Moto GP: Ultimate Racing Technology 3 Xbox Review

May 31, 2010 by  
Filed under Retro Content, Retro Reviews, Xbox

Racing a motorcycle is a total contrast to racing a four-wheeled vehicle around a track; this is obvious before even starting the engines of the two machines. The two-wheeled nature of a bike makes those sharp chicanes seem completely different from encountering a similar corner with a four-wheeled vehicle, but it’s also a refreshing change to take control of this seemingly unsafe “ultimate racing technology”.

The Moto GP series has always been highly regarded amongst gamers for its tight bike handling and authenticity. The original was also one of the early Xbox Live titles that helped kick Microsoft’s seminal service off. The series has reached number three in its stride, and this third game also brings a few “skyscraper size” changes to the track.

Most notable of these changes is the introduction of the Extreme mode, which just happens to be the polar opposite of the official GP mode. This new mode places fictional bikes into 16 brand new global environments, and in comparison the official tracks are devoid of anything remotely exciting in the trackside backdrops. These Extreme tracks often have you travelling through scenic routes, such as rural towns or steep and twisty mountain roads and just happen to be more interesting locales to race in. It’s almost like two games in one, which could perhaps woo a new audience besides that of the old faithful.

Moto GP 3 is simulation racing through and through, and beginners will periodically find themselves spectacularly tumbling off their bike.
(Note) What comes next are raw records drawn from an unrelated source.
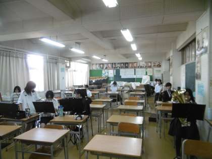 写真は上から、美術部、吹奏楽部、バドミントン部です。どの部の3年生も、最後の夏に向かって、たゆまに努力を続けていました。「継続は力なり」です。がんばりましょう。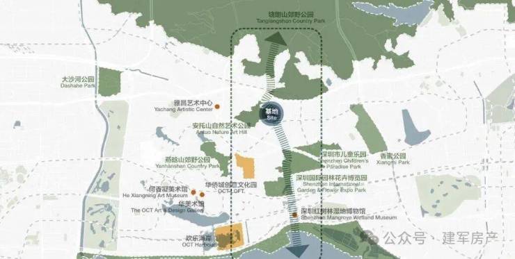 中心区域:深圳山海城中轴,左手香蜜湖、右手华侨城,六大总部基地环伺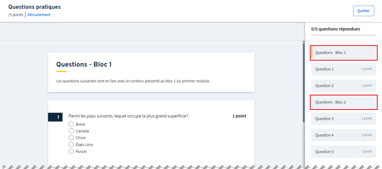 Selon la disposition des questions, le titre et le texte s’affichent seuls sur une page ou entre des blocs de questions. Le bloc de texte s’affiche en tout temps dans le sommaire des questions.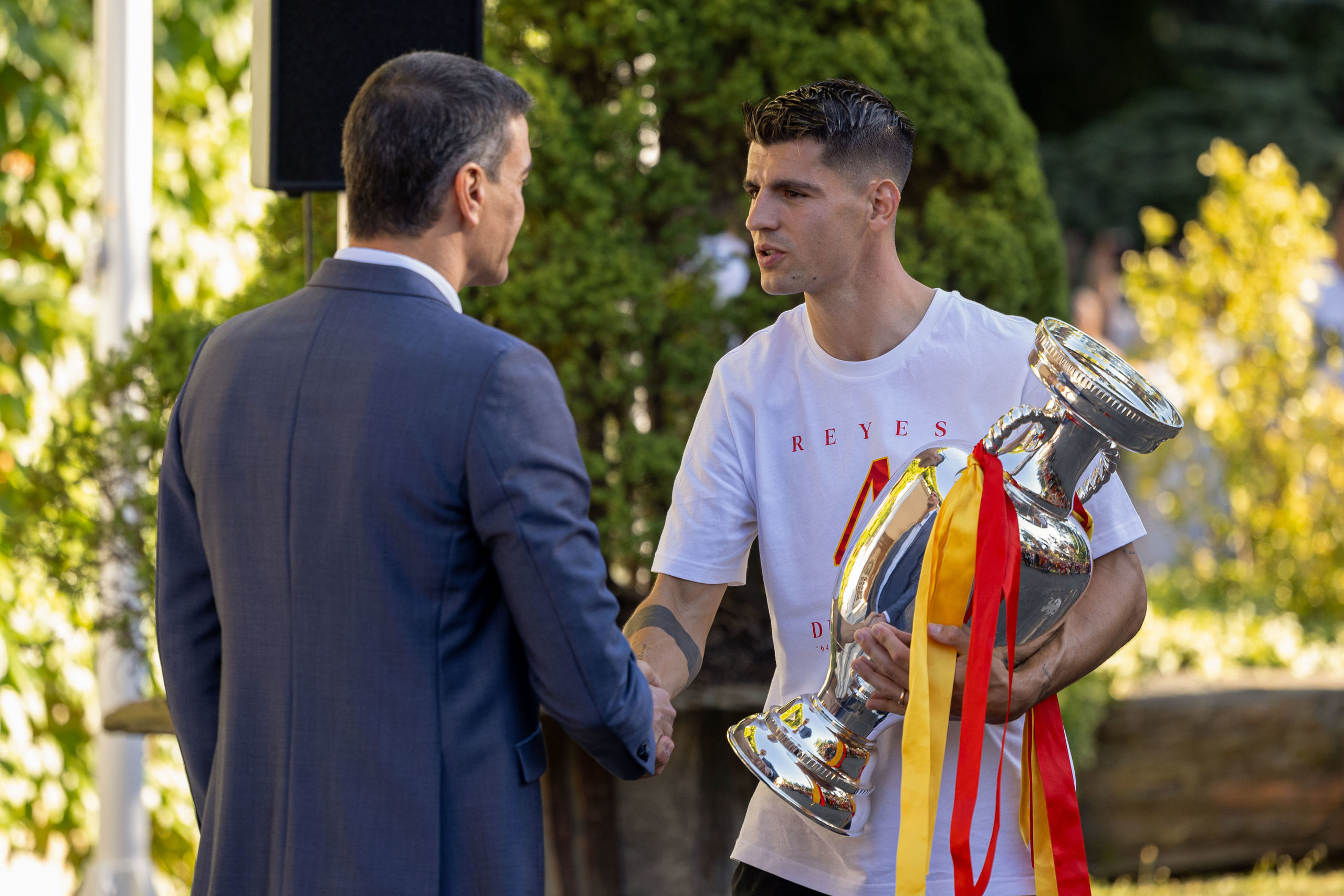 Álvaro Morata saluda al presidente del Gobierno, Pedro Sänchez.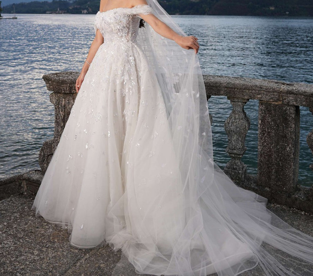 Este vestido de novia de ensueño es la elección perfecta para un look atemporal. El diseño de corte A con hombros descubiertos y talla grande con cuentas es a la vez sofisticado y elegante, lo que lo convierte en una pieza de alta costura digna de un glamoroso paseo hasta el altar. Con su exquisita artesanía y su favorecedor ajuste que realza la figura, este vestido seguramente te hará brillar en tu día especial.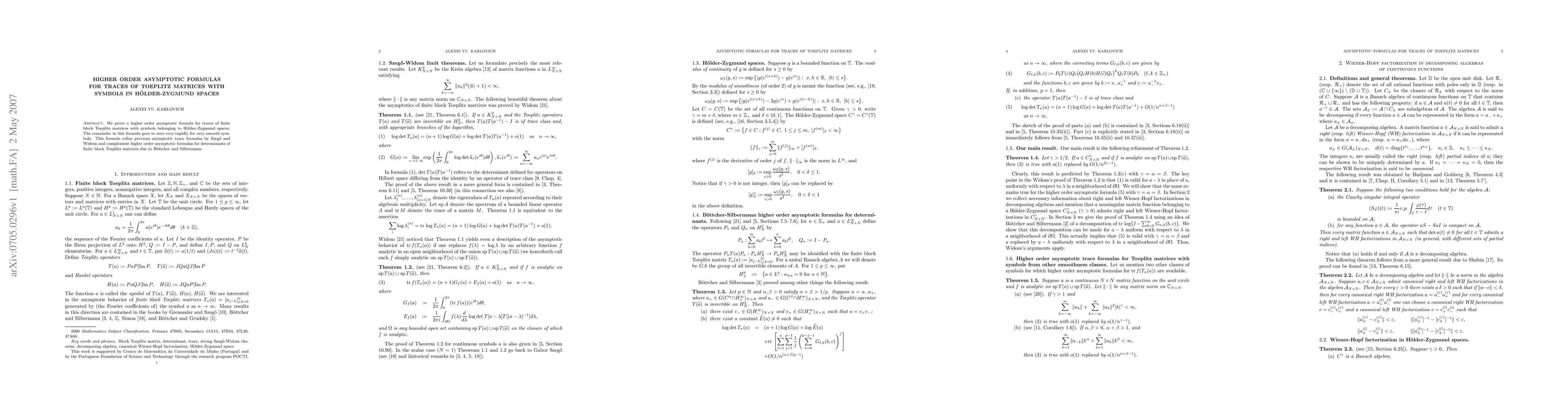 This paper establishes a higher order asymptotic formula for the traces of Toeplitz matrices with symbols in H\"older-Zygmund spaces, showing rapid convergence for smooth symbols. It refines previous results by Szeg\"o and Widom and complements existing higher order asymptotic determinant formulas for Toeplitz matrices.

It’s a game that if it were a person it would be a cold and heartless character, but as a simulation title it’s also hugely satisfying to feel even the smallest of improvements in your performance. Braking distances almost require you to bring the tape measure out of the cupboard, to determine when you should begin to slow down. Ok that was an exaggeration, but make no mistake about it, Moto GP 3 is a tough one. There is a pretty thorough tutorial mode available, but it sadly allows you to get away with too many mistakes, which doesn’t help a great deal in teaching you the “dos and don’ts” when on the track. We can’t believe we are saying this, but we would have liked something a little more similar to the Gran Turismo series’ licence tests, although demonic at times, at least these trials barely left you any room for error.

Racing on the extreme tracks is actually more forgiving opposed to the blander GP tracks, as they are genuinely faster and often wider in nature. The extreme half of the game is definitely where its at for rookie racers, it’s also a great environment if you simply have no desire to take part in the GP or you just can’t be bothered learning the more technically demanding of tracks.

The career mode boasts four championships (Grand Prix, Extreme 600, 1000 and 1200) and various difficulty settings, which assures a pleasingly lengthy ride. Before beginning you’ll create a bike and rider through a nice amount of options, in which you can alter all the leathers and colours to suit your taste and even create a logo, then it’s onto the fast and smooth racing. The Grand Prix mode is a no-frills journey through the harsh official Moto GP tracks with authentic bikes and riders from the 2004 season. The brand new Extreme championships meanwhile have you travelling through many lovely vistas, beginning with buying a bike and then fitting enhancements to it as you progress, and then hopefully buying a better bike when financial resources improve through good racing results.

The same goes for your rider skills too, which you can improve after obtaining skill points throughout the career. Distributing these points to the respective skills can expand everything from the braking and the cornering to the top speed and acceleration.

To tie in with the career, the game also boasts a seeding feature, which begins at 100 and gradually starts dropping as you make headway through the career modes. When the seed reaches certain numbers you’ll unlock highlight videos from the sport itself, as well as reversed tracks, and new riders and bikes. Here comes the clever part: unlocking features of the game can actually be achieved online against other players, not only that, but your opponents will know how long you have been playing thanks to your seed number, which will give people a rough idea of your skill level.

Moto GP 3 is a fast and authentic racing title with a fantastic new extreme mode, which introduces a lovely set of road tracks. It’s also an unforgiving title with a large emphasis on skill. If simulation racing is your cup of tea then Moto GP 3 should complement your four-wheeled TOCA: Race Driver’s and Forza Motorsport’s perfectly.